Start of Block
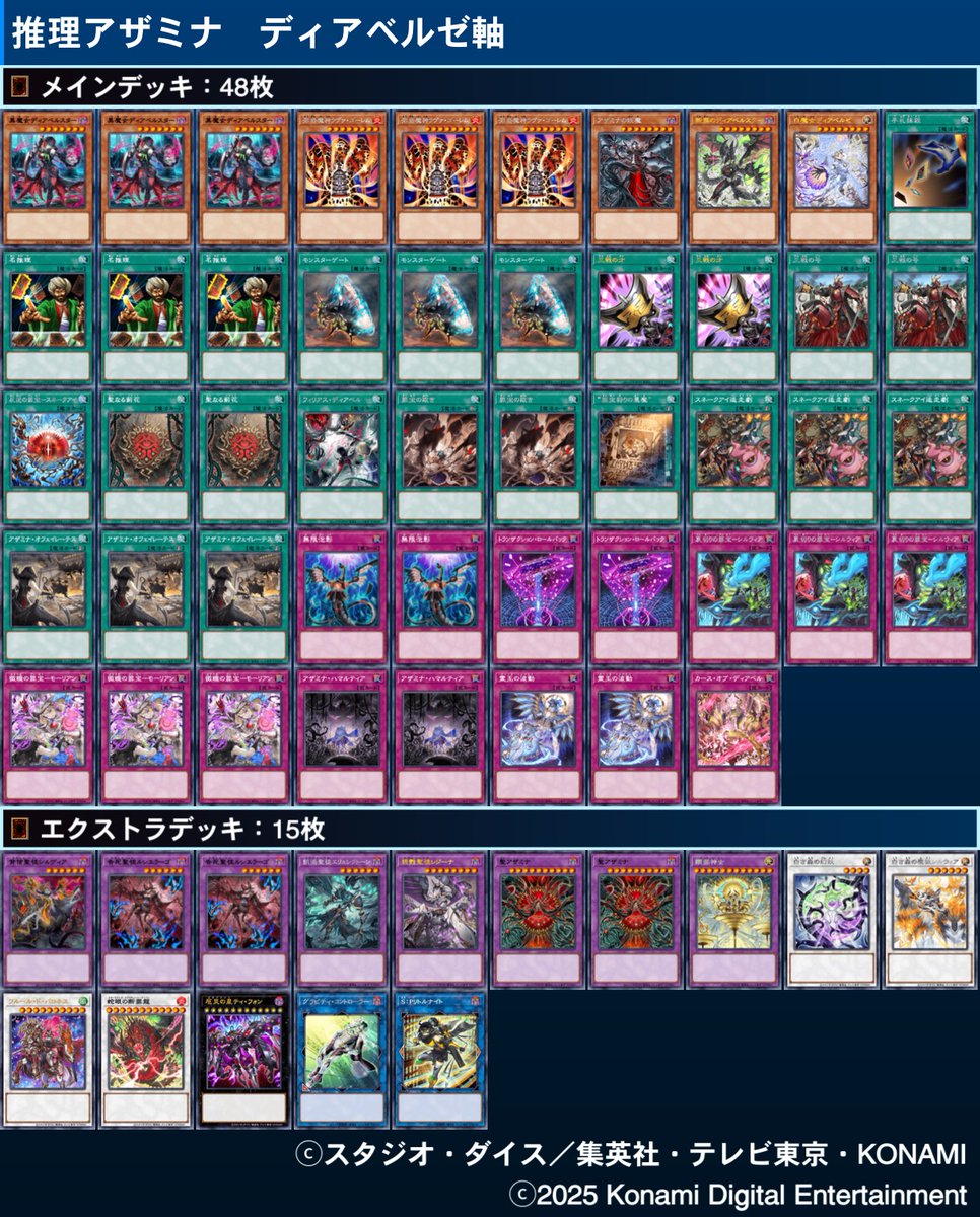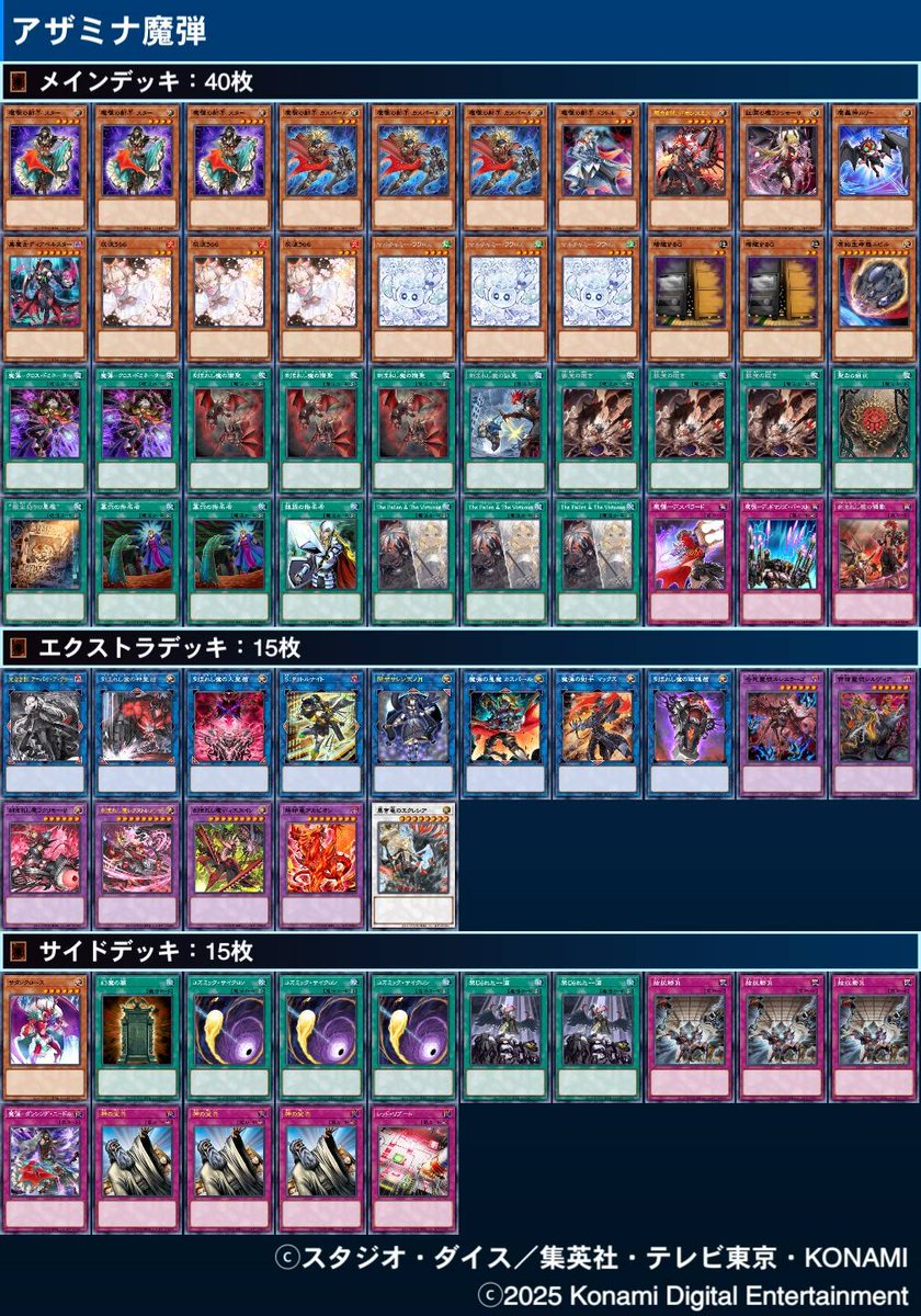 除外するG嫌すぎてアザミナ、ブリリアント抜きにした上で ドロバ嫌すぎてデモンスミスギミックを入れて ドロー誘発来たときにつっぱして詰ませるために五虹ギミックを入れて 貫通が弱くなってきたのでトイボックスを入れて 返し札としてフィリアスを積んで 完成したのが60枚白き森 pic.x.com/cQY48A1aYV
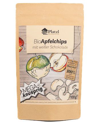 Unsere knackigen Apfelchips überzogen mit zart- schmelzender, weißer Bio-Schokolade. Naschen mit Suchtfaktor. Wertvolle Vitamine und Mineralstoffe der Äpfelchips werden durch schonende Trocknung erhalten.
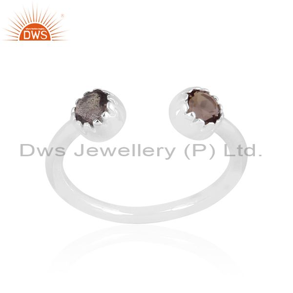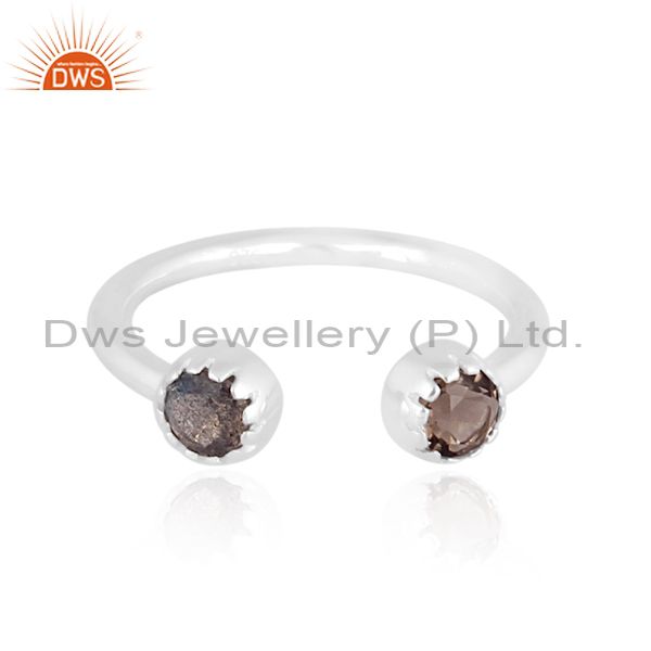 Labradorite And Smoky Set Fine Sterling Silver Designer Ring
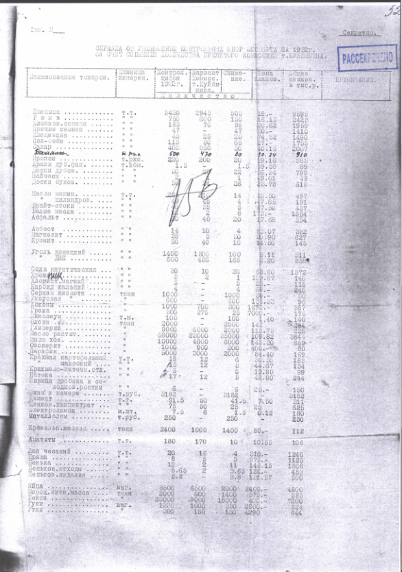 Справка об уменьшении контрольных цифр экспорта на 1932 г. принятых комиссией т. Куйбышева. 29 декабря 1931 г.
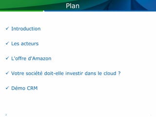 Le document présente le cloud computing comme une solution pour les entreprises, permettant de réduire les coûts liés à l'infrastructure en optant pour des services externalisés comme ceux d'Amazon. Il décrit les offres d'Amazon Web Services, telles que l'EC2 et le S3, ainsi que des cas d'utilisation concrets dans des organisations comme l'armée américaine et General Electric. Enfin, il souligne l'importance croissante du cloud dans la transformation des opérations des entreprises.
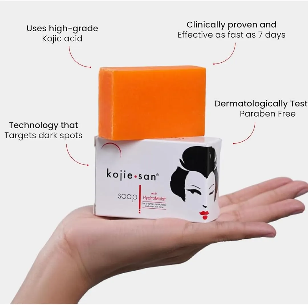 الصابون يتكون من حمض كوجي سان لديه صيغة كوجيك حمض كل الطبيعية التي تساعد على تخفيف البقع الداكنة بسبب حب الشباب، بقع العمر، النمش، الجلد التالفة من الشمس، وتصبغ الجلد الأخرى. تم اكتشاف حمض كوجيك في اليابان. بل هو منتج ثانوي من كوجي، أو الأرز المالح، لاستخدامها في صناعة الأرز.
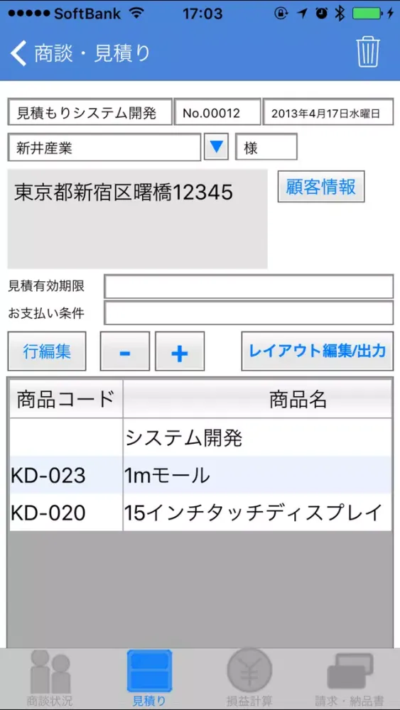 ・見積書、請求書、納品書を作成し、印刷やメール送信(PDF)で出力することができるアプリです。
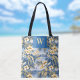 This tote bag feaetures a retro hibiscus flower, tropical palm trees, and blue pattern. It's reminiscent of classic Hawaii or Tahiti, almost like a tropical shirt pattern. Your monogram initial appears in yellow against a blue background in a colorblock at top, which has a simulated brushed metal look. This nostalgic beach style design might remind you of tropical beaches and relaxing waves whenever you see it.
End of Block
Start of Block
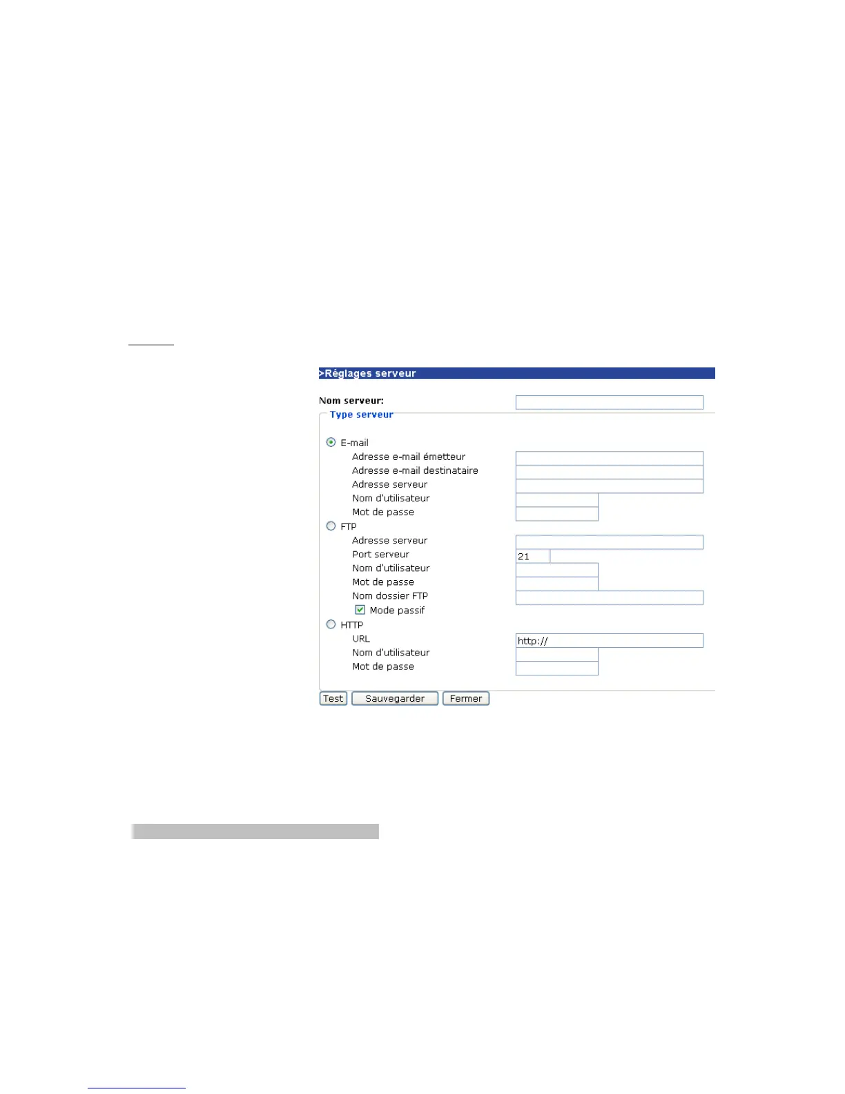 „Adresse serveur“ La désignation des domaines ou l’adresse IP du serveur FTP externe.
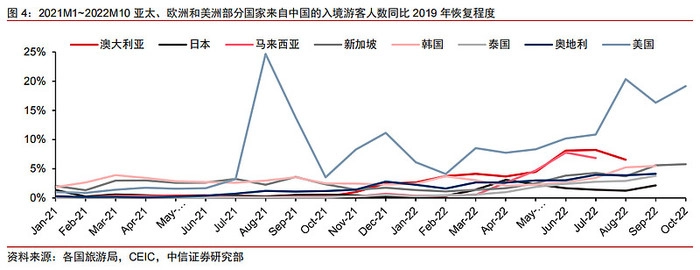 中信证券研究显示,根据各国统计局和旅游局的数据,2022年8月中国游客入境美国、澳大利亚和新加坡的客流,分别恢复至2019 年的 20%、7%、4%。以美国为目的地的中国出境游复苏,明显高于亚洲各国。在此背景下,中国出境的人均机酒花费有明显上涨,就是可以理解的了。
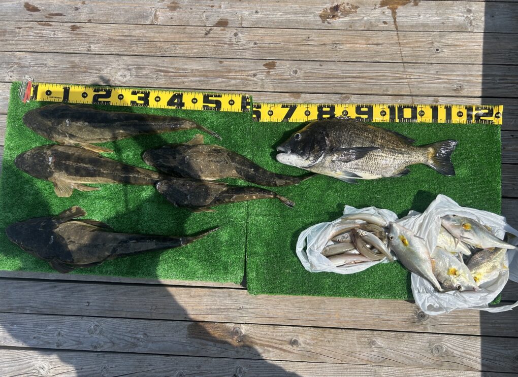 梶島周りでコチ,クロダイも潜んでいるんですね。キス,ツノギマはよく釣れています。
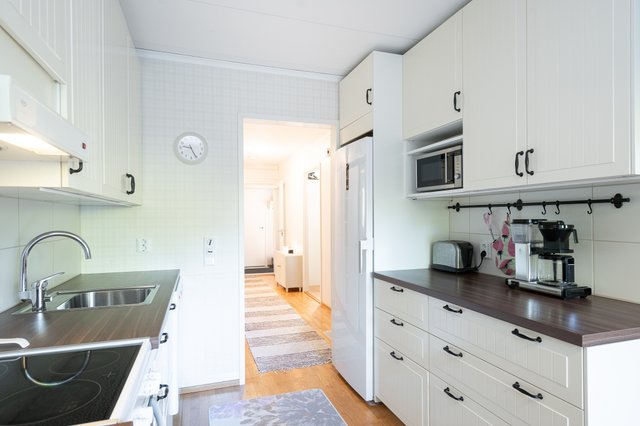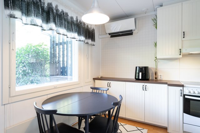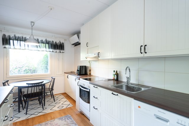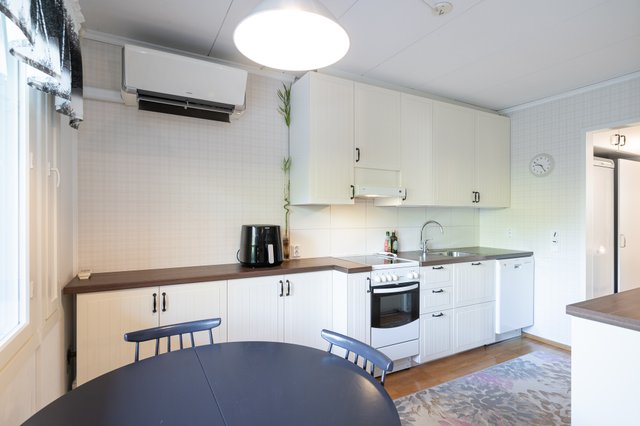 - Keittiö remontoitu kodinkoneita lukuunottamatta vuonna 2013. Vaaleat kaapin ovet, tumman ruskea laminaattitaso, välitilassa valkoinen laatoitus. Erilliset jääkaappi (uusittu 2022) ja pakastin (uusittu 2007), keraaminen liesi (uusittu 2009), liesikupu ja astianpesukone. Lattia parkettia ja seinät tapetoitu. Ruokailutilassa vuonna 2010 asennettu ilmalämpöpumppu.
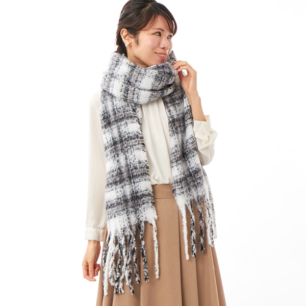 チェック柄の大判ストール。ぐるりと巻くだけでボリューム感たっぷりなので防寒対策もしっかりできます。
End of Block
Task details: Reproduce the data above exactly, but only the lines from the one showing "返し札としてフィリアスを積んで 完成したのが60枚白き森 pic.x.com/cQY48A1aYV" through the one showing "Справка об уменьшении", with both ends kept and the pictures left out.

Your response:
 除外するG嫌すぎてアザミナ、ブリリアント抜きにした上で ドロバ嫌すぎてデモンスミスギミックを入れて ドロー誘発来たときにつっぱして詰ませるために五虹ギミックを入れて 貫通が弱くなってきたのでトイボックスを入れて 返し札としてフィリアスを積んで 完成したのが60枚白き森 pic.x.com/cQY48A1aYV
 Unsere knackigen Apfelchips überzogen mit zart- schmelzender, weißer Bio-Schokolade. Naschen mit Suchtfaktor. Wertvolle Vitamine und Mineralstoffe der Äpfelchips werden durch schonende Trocknung erhalten.
 Labradorite And Smoky Set Fine Sterling Silver Designer Ring
 Справка об уменьшении контрольных цифр экспорта на 1932 г. принятых комиссией т. Куйбышева. 29 декабря 1931 г.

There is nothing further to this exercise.